Ya, so now I currently have 11 LOL

I cant wait to show you all! Shes VERY pretty! Nice and spotted!


----------



## Calico Patch Farm (Mar 8, 2011)

*Re: Am I the only one that CANT say no??!!*

Yay! I loooove spots!!! Lucky ducky!


----------



## TinyHoovesRanch (Jan 16, 2010)

*Re: Am I the only one that CANT say no??!!*

Here she is!

Let me know what you think of her 

http://sierraspenranch.com/Corona.html


----------



## GoldenSeal (Sep 14, 2010)

*Re: Am I the only one that CANT say no??!!*

I probably would have said yes tooo  Provided she was a NUBIAN Hah! Those deals don't usually come up where I am. There are so few good Nubian herds in Canada when compared to the US that they are snatched up pretty fast.


----------



## Goat Song (May 4, 2011)

*Re: Am I the only one that CANT say no??!!*

Awwww, congrats on the new girlie!

And I can never say 'no' either. :greengrin:


----------



## toth boer goats (Jul 20, 2008)

*Re: Am I the only one that CANT say no??!!*

Yes........ she is a beautiful girl...I would of said yes ..yes...yes......... :hi5:  :clap:


----------



## milk and honey (Oct 31, 2010)

*Re: Am I the only one that CANT say no??!! Judge my new girl*

Very, very CUTE! I love all those spots... Congratulations on a great deal!.. So... what's one more goat???


----------



## TinyHoovesRanch (Jan 16, 2010)

*Re: Am I the only one that CANT say no??!! Judge my new girl*

I agree lol shes just ONE more! bahaha even my parents didnt care.....

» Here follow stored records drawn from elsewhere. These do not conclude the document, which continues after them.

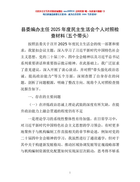 / 县委编办主任2025年度民主生活会个人对照检查材料(五个带头)
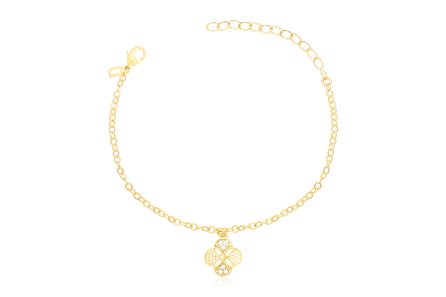 PULSEIRA BANHADA EM OURO, CORRENTE ELO PORTUGUÊS 2,50mm, 17cm COMPRIMENTO, EXTENSOR 5cm COMPRIMENTO E PESO 2,20g
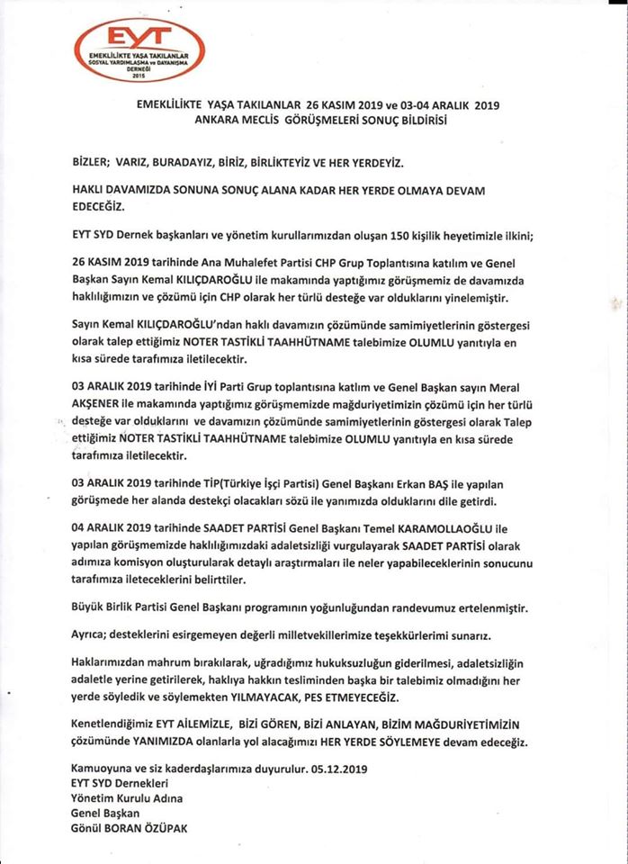 KUZEYEGEHABER-EYTSYD Dernekleri Genel Merkezinden, EYT Heyetinin Ankara’da TBMM’de temsil edilen yada meclis dışında siyasi faaliyette bulunan siyasi parti guruplarıyla yapılan görüşmelere ilişkin sonuç bildirgesi açıklandı. Bildirge şöyle;
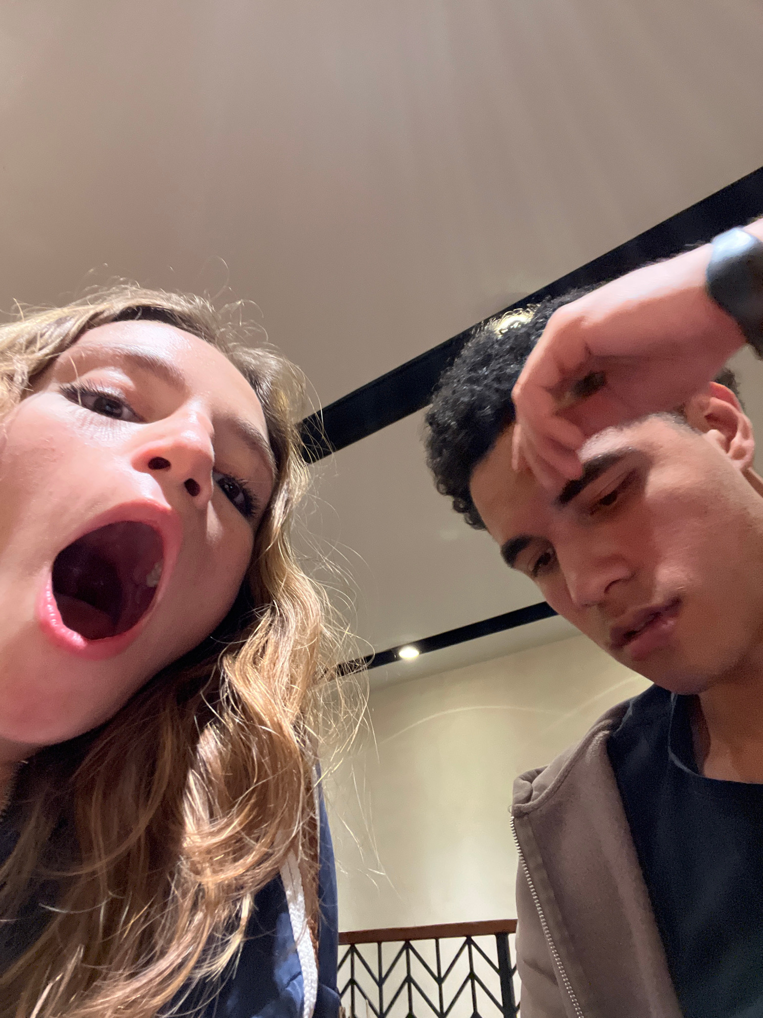 Two individuals are present in the image, which is taken from a low angle, looking upwards. The woman in the foreground has light brown hair and her mouth is open wide. The man behind has dark hair an…read more
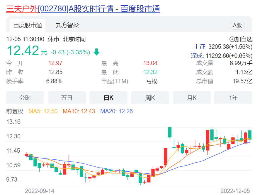 截至12月5日午間休市,三夫戶外股價報收12.42元/股,與年內高點22元/股相比,股價下降了43.59%,與歷史高點63.01元/股的高點相比,股價下滑超八成。
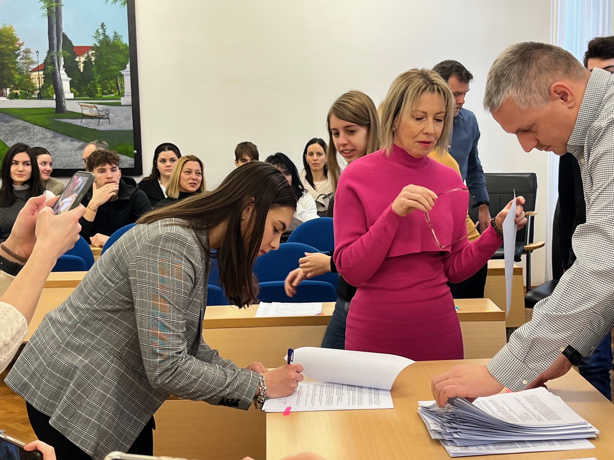 Gradonačelnik Bjelovara Dario Hrebak potpisao je ugovore s novim gradskim stipendistima. Grad Bjelovar i u akademskoj godini 2025./2026. nastavlja s dodjelom studentskih stipendija u iznosu od 130 eura mjesečno. Iznos stipendije ostao je isti kao i prošle godine, no povećan je broj korisnika. Na ovogodišnji natječaj prijavilo se 87 studenata, a kako je dio njih već ostvario pravo na neku drugu stipendiju očekuje se da će, nakon eventualnih odustajanja, stipendiju dobiti gotovo svi prijavljeni kandidati. Cilj gradske stipendije je rasteretiti studentski budžet i pomoći obiteljima u pokrivanju osnovnih mjesečnih troškova, poput prehrane. Grad stipendiranje ne veže uz obvezu povratka i rada u Bjelovaru nakon završetka studija, no mladima se šalje jasna poruka da su im vrata grada otvorena. Povratak se posebno potiče u deficitarnim zanimanjima, u kojima na bjelovarskom području postoji potreba za radnom snagom. Stipendiju su studenti dužni vratiti jedino u slučaju da ne završe studij. Među stipendistima su i studenti koji studiraju u Bjelovaru i oni koji su se odlučili za studij u drugim gradovima. Za mnoge od njih stipendija predstavlja značajnu financijsku pomoć, posebno u situacijama kada se studij plaća ili kada su troškovi stanovanja visoki. Buduća liječnica, sada brucošica, osječka studentica medicine Petra Aušperger nam je to i potvrdila. Petra se kada završi studij planira vratiti u Bjelovar. U svom gradu odlučio je i studirati Mario Vrabac, još jedan gradski stipendist koji je danas potpisao ugovor. Mario je brucoš na bjelovarskom računalstvu koje je upisao zbog dobrih preporuka. Kako se taj studij plaća gradska stipendija će mu, kaže, biti od posebne pomoći.
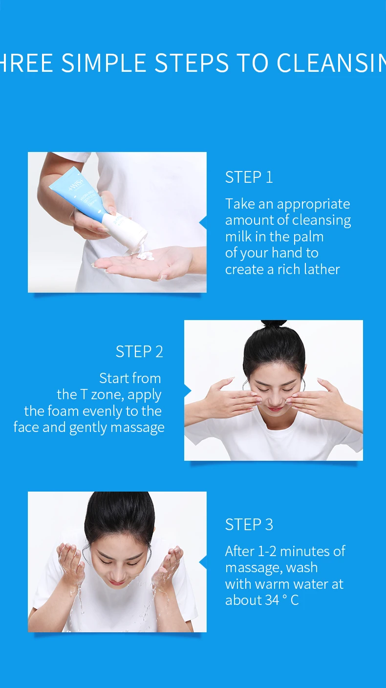 1. Возьмите соответствующее количество очищающего молока на ладони, чтобы создать богатую пену 2. Начните с зоны т, равномерно нанесите пену на лицо и мягко массируйте 3. После 1-2 минут массажа промойте теплой водой при температуре около 34 °C
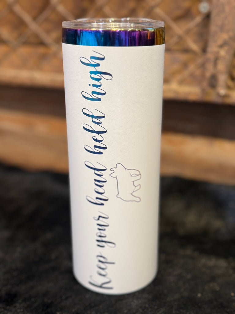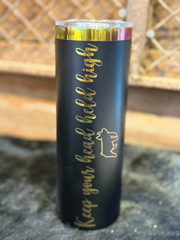 Custom Laser MIRROR OIL SLICK Engraved KEEP YOUR HEAD HELD HIGH Livestock Show PIG 20oz Tumbler
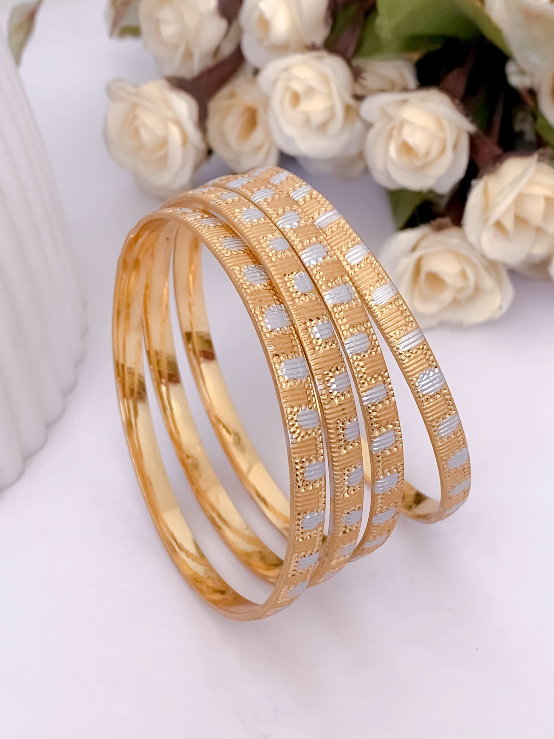 Get twice the style with our Buy 1 Get 1 Free deal on the Kritika Bangals set of 4! Elevate any outfit with these beautiful and versatile bangles. With this offer, you can mix and match to your heart's content without breaking the bank. Don't miss out!
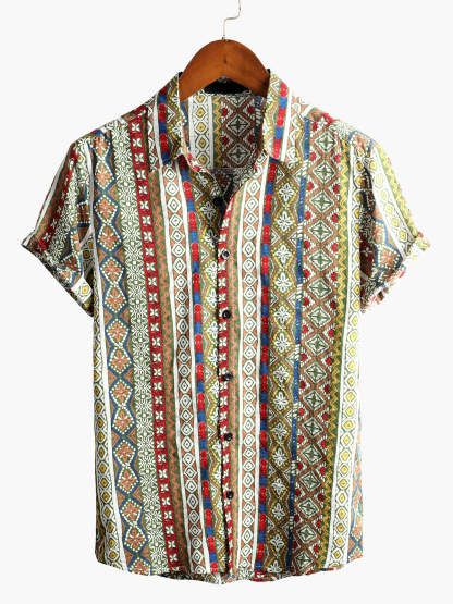 Men's Boho Short Sleeve Retro Shirt
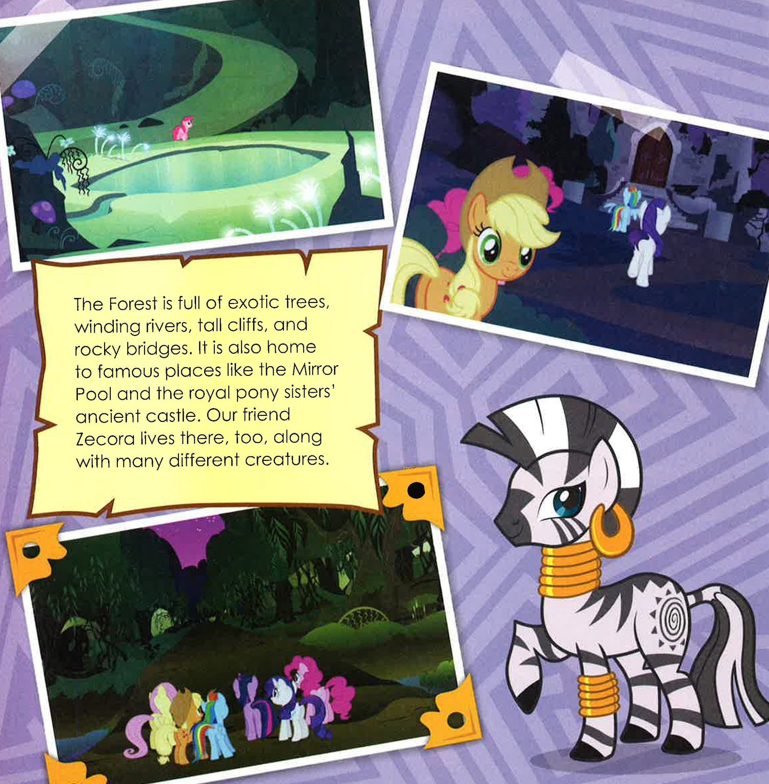 The Everfree Forest is a mysterious land just outside Ponyville that serves as the home to many unusual creatures. Read about your favorite ponies' adventures with characters like Gilda the Griffon and Zecora!
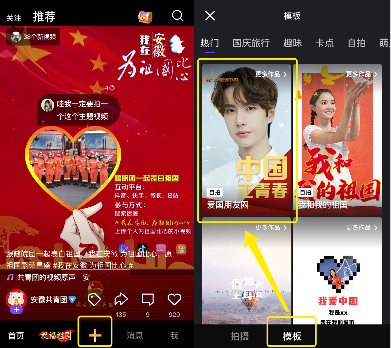 腾讯微视「爱国朋友圈」的玩法参与起来很简单,只要打开腾讯微视 APP 拍摄视频,在「模板」中选择「爱国朋友圈」模板即可拍摄同款视频,发布时勾选「同步到朋友圈」还可直接将视频分享到朋友圈中,可分享最长 30 秒的视频。
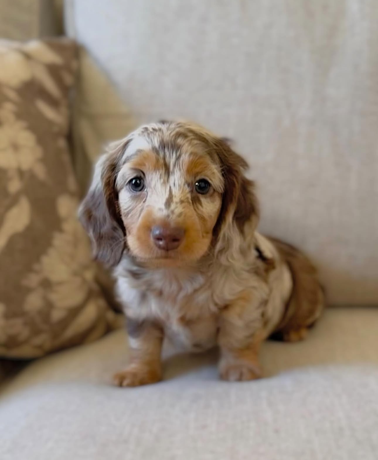 Daisy’s beautiful cream and chocolate dapple coat makes her stand out instantly, but it’s her bright, loving nature that truly steals hearts. She’s playful yet gentle, always tilting her head as if she’s listening to every word you say. Whether she’s exploring new corners or curling up for a nap, Daisy brings warmth and personality wherever she goes.

Plus shes really pretty and has nice confirmation! Im even breeding her to my friends really nice buck in Nevada wooooo


----------



## Randi (Apr 22, 2011)

*Re: Am I the only one that CANT say no??!! Judge my new girl*

 Wow, beautiful, flashy girl!!


----------



## TinyHoovesRanch (Jan 16, 2010)

*Re: Am I the only one that CANT say no??!! Judge my new girl*

THANKS!

I think she also looks very nice comfirmation wise. I think she could use more angulation but other than that she looks great!


----------



## StaceyRosado (Oct 5, 2007)

*Re: Am I the only one that CANT say no??!! Judge my new girl*

would like to see more depth of barrel and more rear angulation. Hopefully the buck will correct this for future kids.


----------



## TinyHoovesRanch (Jan 16, 2010)

*Re: Am I the only one that CANT say no??!! Judge my new girl*

The buck shes being bred to has really nice angulation and so far all his kids have improved over that.


----------



## toth boer goats (Jul 20, 2008)

*Re: Am I the only one that CANT say no??!! Judge my new girl*

:thumbup: :hi5:


----------



## Mandara Farm (Sep 12, 2010)

*Re: Am I the only one that CANT say no??!! Judge my new girl*

Aww, she's a cutie!


----------



## KW Farms (Jun 21, 2008)

*Re: Am I the only one that CANT say no??!! Judge my new girl*

She's pretty Laura! Congrats!! :stars:


----------



## milkmaid (Sep 15, 2010)

*Re: Am I the only one that CANT say no??!! Judge my new girl*

OOOH SHE'S PRETTY!  :stars:


----------



## TinyHoovesRanch (Jan 16, 2010)

*Re: Am I the only one that CANT say no??!! Judge my new girl*

Thank you so much guys!

Whats really weird, is that my very first doe Jenny has similar markings so when I see Corona I think of Jenny(whos now 4) was when she was just a baby. I guess I have a certain liking to those spots


----------



## toth boer goats (Jul 20, 2008)

*Re: Am I the only one that CANT say no??!! Judge my new girl*

You just have good taste in goats....... :thumb: :hi5:


----------



## TinyHoovesRanch (Jan 16, 2010)

*Re: Am I the only one that CANT say no??!! Judge my new girl*

LOL thats definently a possiblilty Pam!

All mine have spots and most are buckskin....The only odd one of the whole bunch would be Cookie who is plain gold, but we love her just the same


----------



## toth boer goats (Jul 20, 2008)

*Re: Am I the only one that CANT say no??!! Judge my new girl*

HeHe.... :wink: :laugh:


----------